As much as it might rile them internally, the excessive chatter about the apparent yawning gap between the two provinces - even though Munster trumped their progress last season - could also salt wounds.
O'Mahony concedes such talk could be a distraction were it not for the fact they have enough to be worrying about tending to their own house without sneaking admiring glances at their neighbours'.
"That's not what we're going to be talking about, certainly not us," he stresses.
"We've a game plan, we've a structure, we'll go out and play it.
"We'll be talking about our performance and what we have to do to go out and win. I don't want people saying after the weekend, 'ah, Munster to be fair aren't far off Leinster'. That's not what I want.
"If we play well, I want people saying, 'Munster played well', that's what I want to hear. I don't want to hear, 'they're close enough'.
"What Leinster have done for the last 12-18 months, we're not going to change that in a game. That's the standard they have. We've all got to strive to try and get there."
There could be annoyance there, too; after all, Leinster admitted to extreme envy when the shoe was on the other foot a decade ago.
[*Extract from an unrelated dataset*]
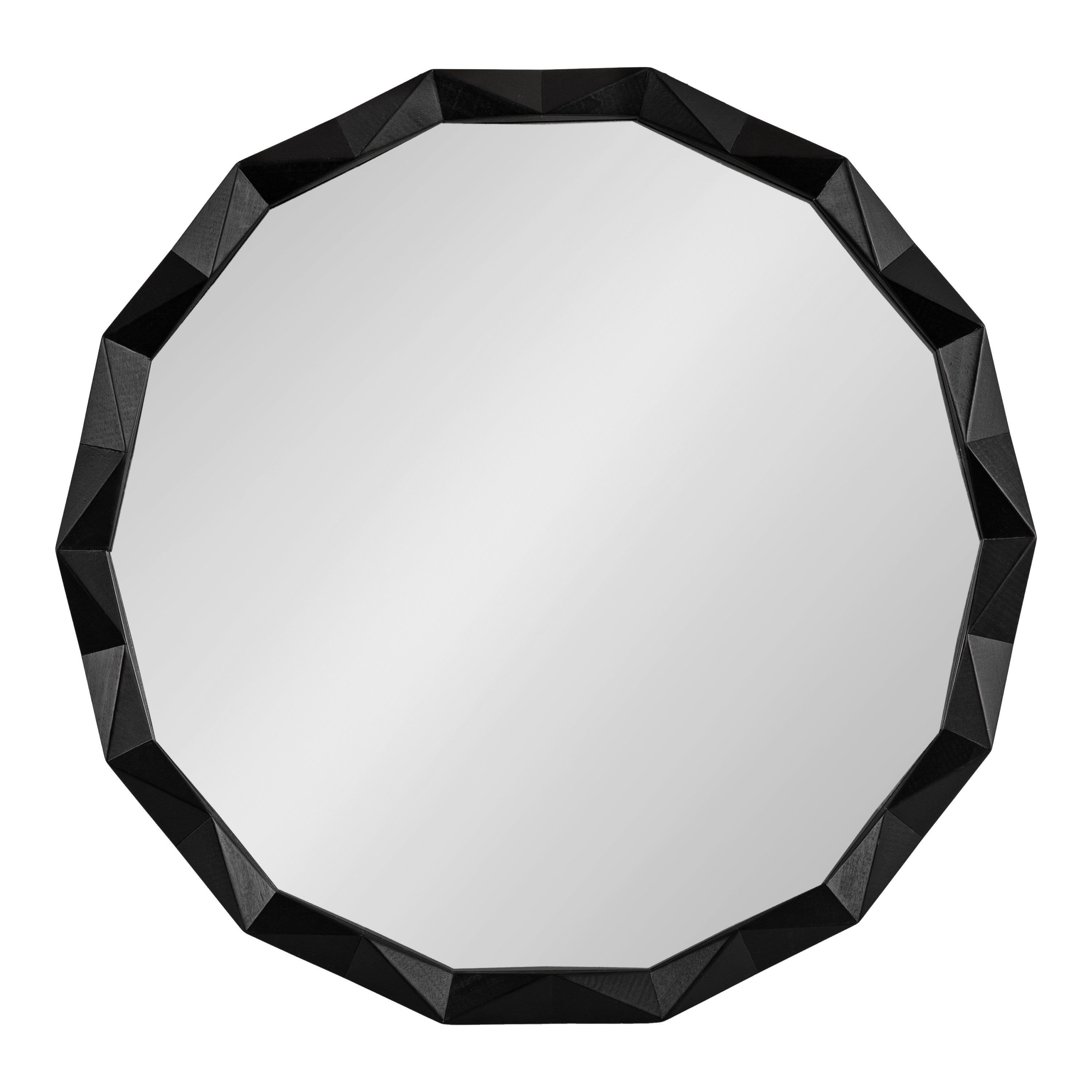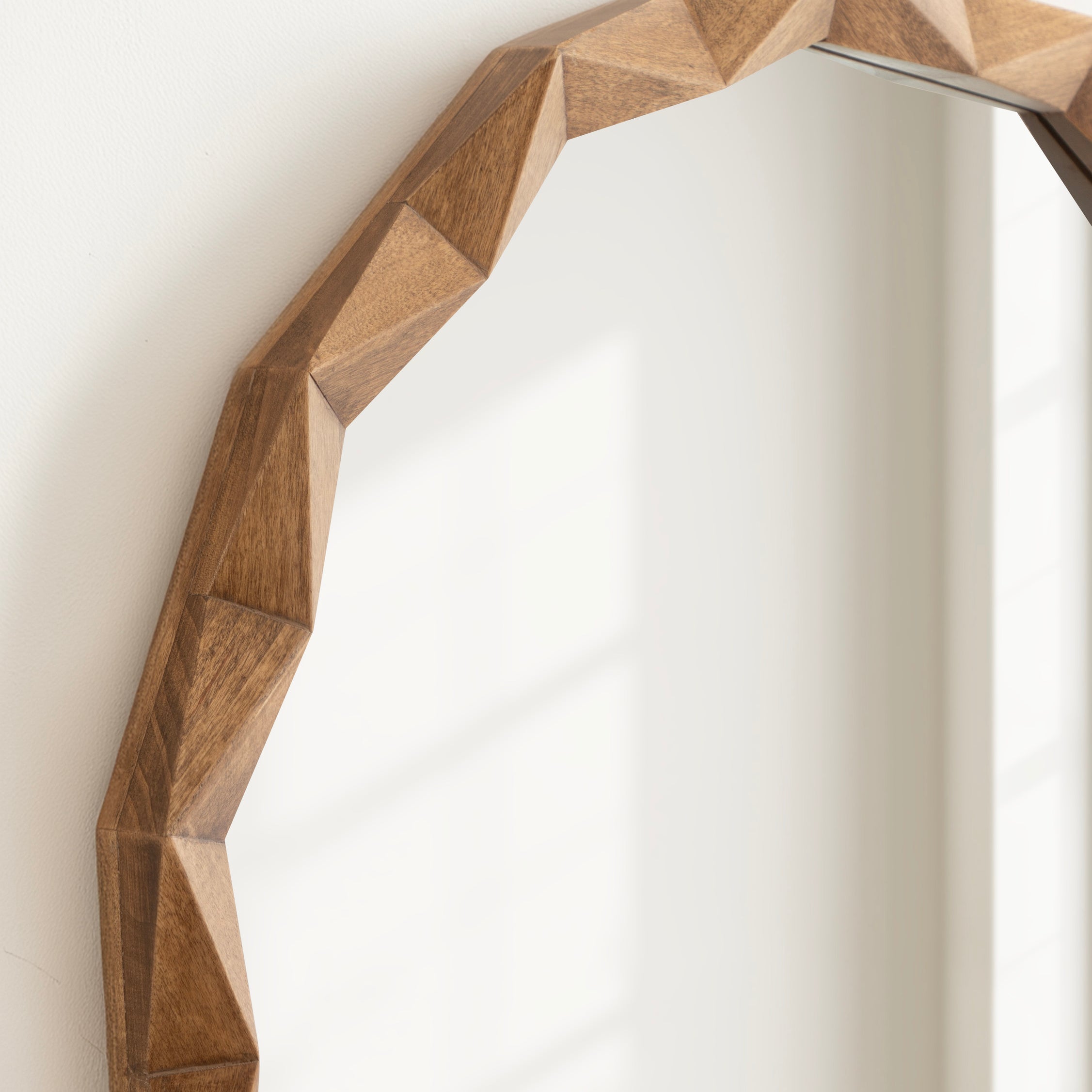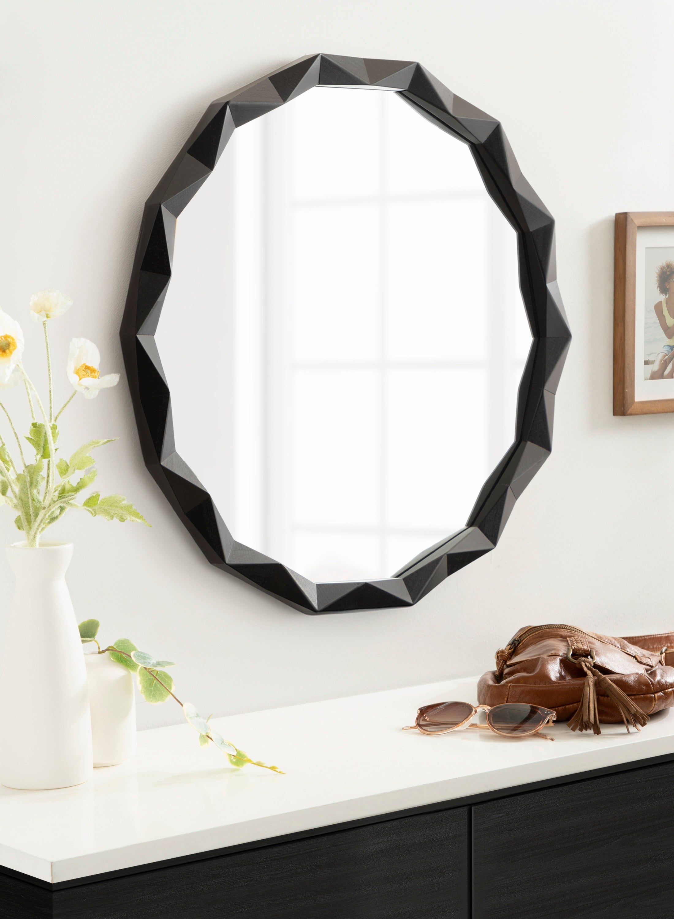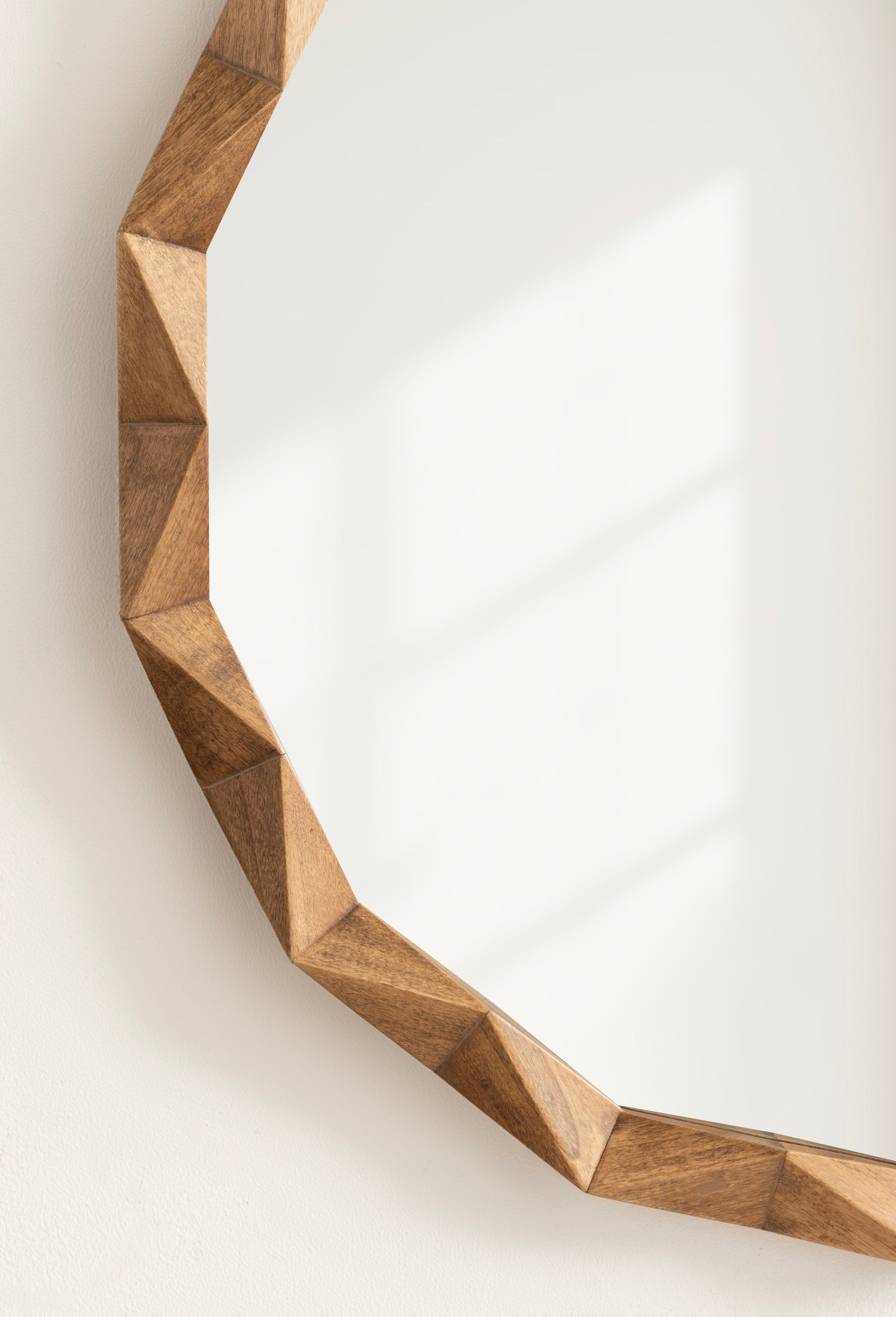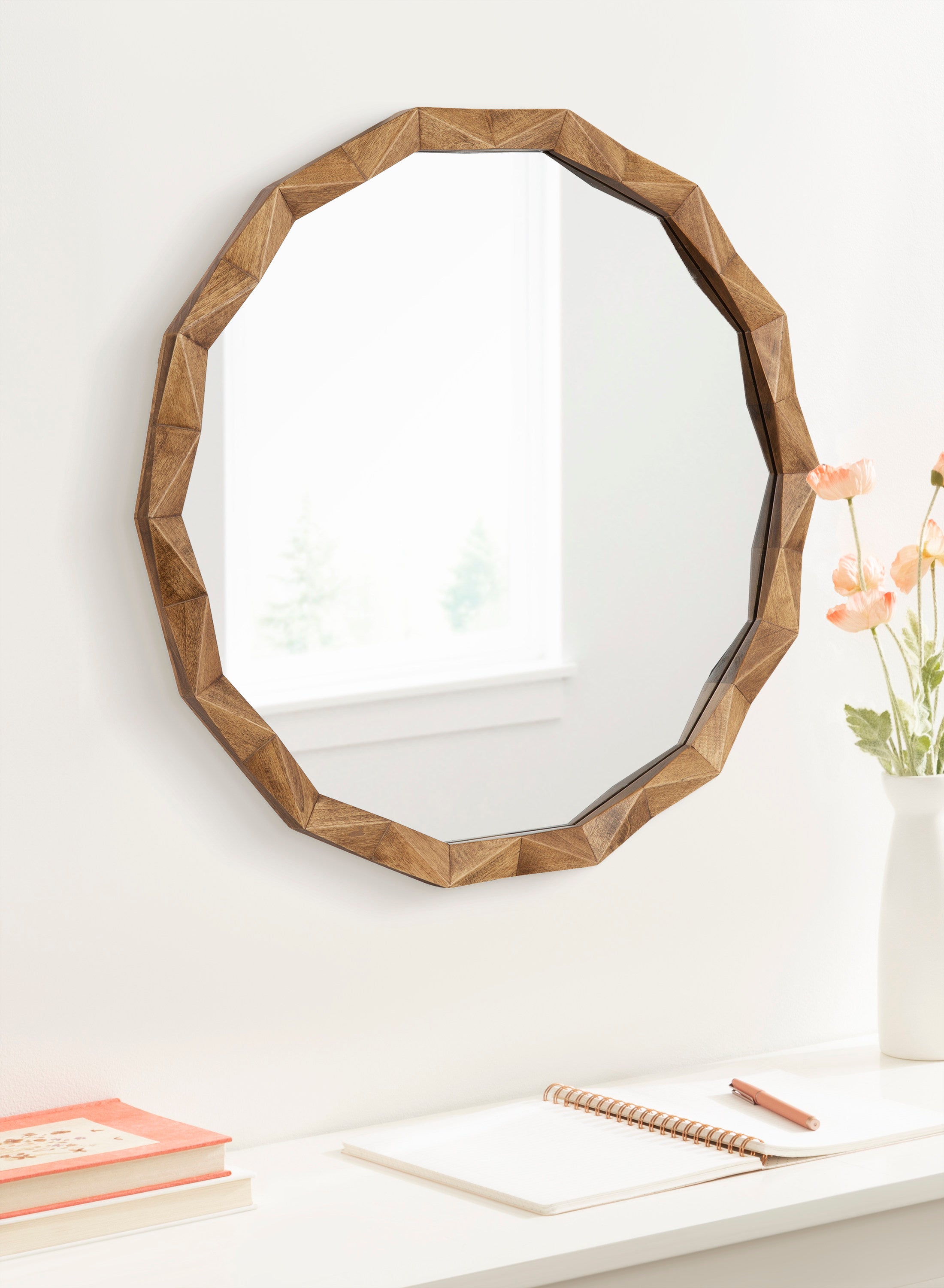 Crafted with the utmost care, this round mirror boasts a solid poplar wood frame that ensures durability and longevity. The frame profile of this wall mirror has a unique, faceted edge crafted from pieced wood segments. Not only is this mirror visually appealing, but it also serves a practical purpose. Hang it in your living room, bedroom, or entryway to create an illusion of a larger space, and to effortlessly check your appearance before heading out. The Endicott geometric round mirror is designed to make your home feel brighter and more spacious. Its faceted mirror shape adds a touch of uniqueness to your wall decor, making it a focal point in any room.

Perhaps it's how you distil the hurt.
In any event, he observes the right - grudgingly, you suspect - for others to infer constant comparison between the two rivals.
"I don't think it's unfair," he reasons. "Of course, you're going to compare provinces and critics are going to compare players and teams. That's part of it.
"It's not what we do. But we want to go out and perform, do as best we can. It's not about being ranked or anything like that."
O'Mahony accepts the inordinate difficulty of a side needing to back up such an intensive occasion with another merely days later on a physical and emotional level.
A tentative parallel with 2011's grand final in Thomond Park could be drawn - ironically the last time Munster won a trophy - when Joe Schmidt's comeback kings from the Cardiff final against Northampton were stung.
Yet, in rugby terms at least, that is a lifetime ago. Even the sledging has been becalmed by the growing intensity of a modern era besotted more by character, rather than characters.
"It's a different game, you know what I mean? That was seven years ago. You're dealing with the ultimate professionals on both sides.
"As far as I'm concerned, I get too tired to be able to slag anyone to be honest! Look, it's just gone so intense now.
"You miss a beat and you've conceded a try or if you get pulled off tasks there is going to a be a hole somewhere or maybe you've missed a jump.
"I think that's nearly gone out of rugby. There's always going to be the odd one or two here or there but generally a lot of that has gone."
And so Munster's most important statement will be to deliver a performance on the field; the only words necessary those between themselves as they attempt to navigate a route that Europe's best found impossible to breach.
"They have guys who are leading the way, as do we. You're going to get the best of Leinster at the weekend and they'll show that's their standard.
"It's a semi-final for them at the end of the day. They'll be ready to go, whatever it takes."
It is for O'Mahony and his side to discover if they can summon what they need to stop them.